The name isn’t just a whimsy of evocative branding either: elephants roam all round the encampment and we’re under strict instruction not to leave our luxurious tents after dusk without an escort. Nagib’s men patrol the river all night. And given we find a crocodile lounging on the opposite bank the next day, we’re in no hurry to ignore the advice. Everything here is perfectly realised and feels in harmony with the environment. It’s wild, yet comfortable, our hosts are generous and there are stories to be exchanged late into the night.

Too late, as it’s another 6am start and we’re off on safari with Samburu guide, Julius, who frankly looks like he’s stepped off the pages of a fashion magazine, with a colourful wrap, combat sweater and ornate necklace. There’s a low buzz and he whips a smartphone out of the folds. He has the eyes of a hawk and we are soon gently bumping our way round herds of elephant. A dry river bed reveals a pair of snoozing lions – like teenagers, they sleep up to 22 hours a day. We come across a Gerenuk, sometimes called the giraffe-necked antelope with good reason. But even evolution hasn’t quite got it to where it likes to graze and they balance on tippy-toes to reach the higher branches.

On our way to a bush airstrip where a small plane will fly us the next leg, we strike safari gold not once, but twice.

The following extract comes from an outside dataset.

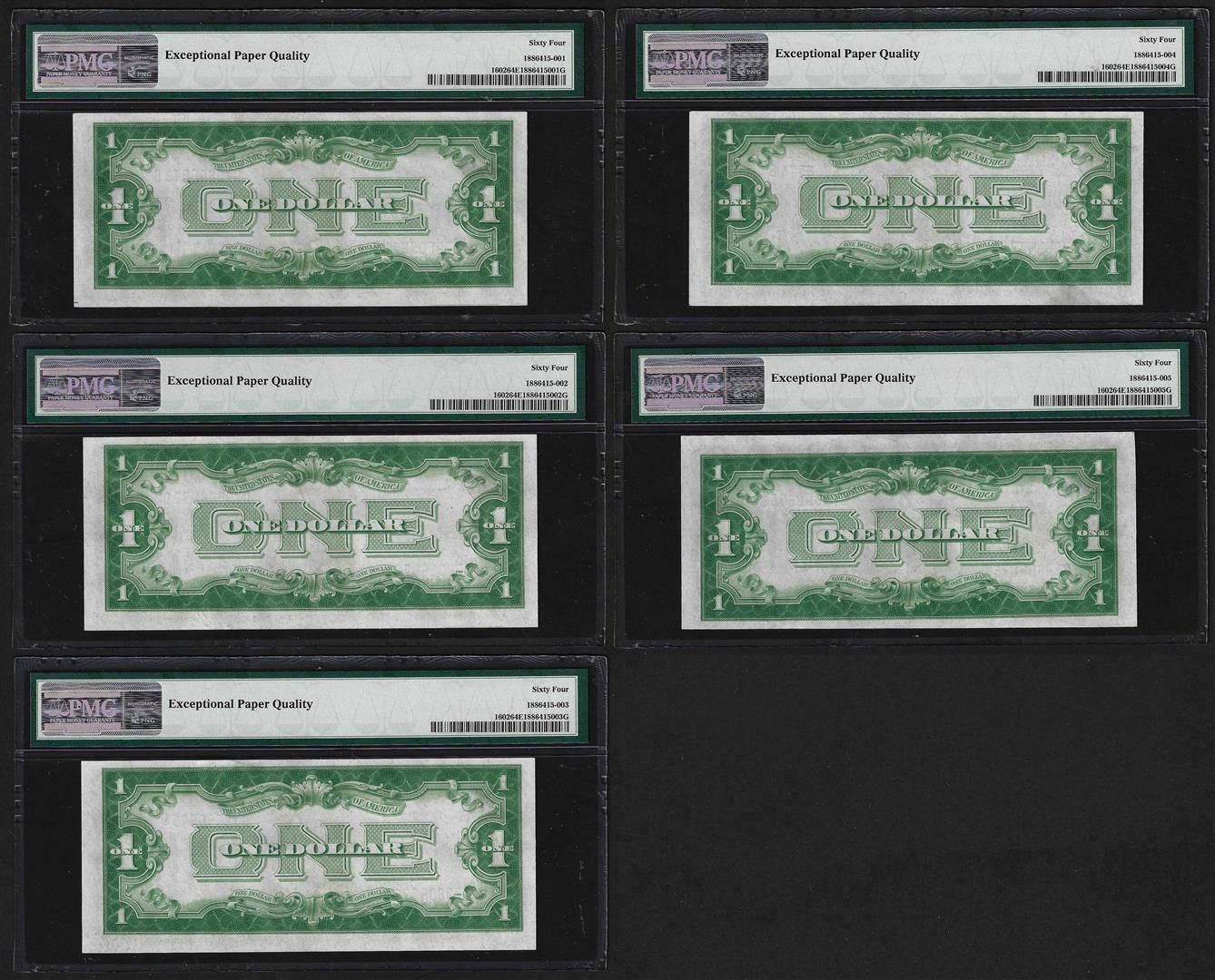 One (5) Consecutive 1928B $1 Silver Certificate Notes Fr.1602 PMG Choice Uncirculated 64EPQ. PMG Certified.
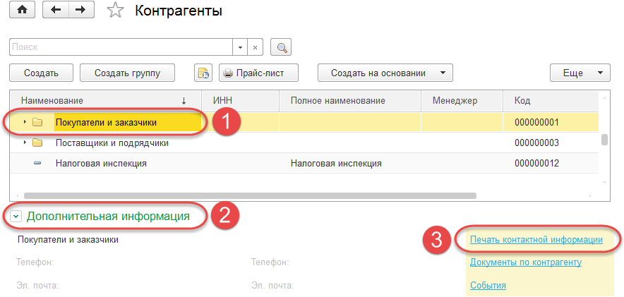 В новой версии программы «1С:Управление небольшой фирмой» необходимые средства появились. Для печати контактной информации в списке контрагентов нужно выполнить следующие действия:

Firstly, finding a cheetah preciously guarding his recently killed gazelle (less than 20 minutes old Julius estimates) and then with a leopard up a tree, apparently indolently resting his foreleg on the branch. Closer inspection reveals though that it’s actually the remains of an impala he’d dragged up there. His gaze is unforgettable.


Still buzzing from this amazing natural theatre, arriving in Diani opens another gateway to Kenya. South of Mombasa on the Indian Ocean, white sandy beaches link up for hundreds of miles and the thermometer goes up a notch. The Pinewood Beach Resort offers a welcome respite from the heat, with a cooling courtyard pond where Koi carp shimmer below, whilst above, weaver birds endlessly renovate their grass-ball nests. We’re soon snorkelling from a glass-bottomed boat among Diani’s shallow reefs of coral. The balmy sea is blazes with bursts of colour – fearsome-looking devil firefish, vivid star fish, pufferfish, black-needled sea urchins – it’s hard to know where to look.

Perhaps you could say that of Kenya as a whole. I’ve only skimmed through a couple of destinations and still seen so much. If Africa seduces, Kenya may be her temptress-in-chief. Every journey here is an adventure; every vista, a scene from David Attenborough. Does it grip us so powerfully because secreted away deep within our DNA is some strand of our far distant African memory? All it takes is a visit to spark it and wonder at it.